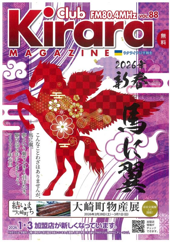 Vol.88は、2026年新春市長対談や加盟店情報にイベント情報など盛りだくさん!お近くの加盟店またはエフエムきらら、ヒストリア宇部に置いてあります。
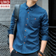UXO春季长袖衬衫男韩版修身型薄款青少年纯棉男装大码学生衬衣
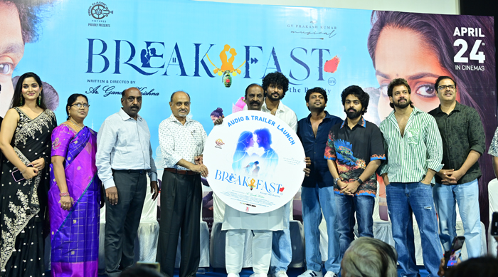 ‘செல்லமே’, ‘ஆனந்த தாண்டவம்’ படங்களை இயக்கிய காந்தி கிருஷ்ணா இயக்கத்தில், கிரிஜா வரதராஜ் தயாரிப்பில், நடிகர்கள் ராணவ், ரோஸ்மின், சம்பத்குமார், கஸ்தூரி, கிருத்திக் மோகன் உள்ளிட்டப் பலர் நடித்திருக்கும் திரைப்படம் ‘பிரேக்ஃபாஸ்ட்’. இந்த மாதம் 24 ஆம் தேதி வெளியாக இருக்கும் இந்தப் படத்தின் இசை வெளியீட்டு விழா நடைபெற்றது.
----------------
BRIEF:
Working from the lines above, reproduce the material exactly and exclude its pictures.

ANSWER SECTION:
 Vol.88は、2026年新春市長対談や加盟店情報にイベント情報など盛りだくさん!お近くの加盟店またはエフエムきらら、ヒストリア宇部に置いてあります。
UXO春季长袖衬衫男韩版修身型薄款青少年纯棉男装大码学生衬衣
 ‘செல்லமே’, ‘ஆனந்த தாண்டவம்’ படங்களை இயக்கிய காந்தி கிருஷ்ணா இயக்கத்தில், கிரிஜா வரதராஜ் தயாரிப்பில், நடிகர்கள் ராணவ், ரோஸ்மின், சம்பத்குமார், கஸ்தூரி, கிருத்திக் மோகன் உள்ளிட்டப் பலர் நடித்திருக்கும் திரைப்படம் ‘பிரேக்ஃபாஸ்ட்’. இந்த மாதம் 24 ஆம் தேதி வெளியாக இருக்கும் இந்தப் படத்தின் இசை வெளியீட்டு விழா நடைபெற்றது.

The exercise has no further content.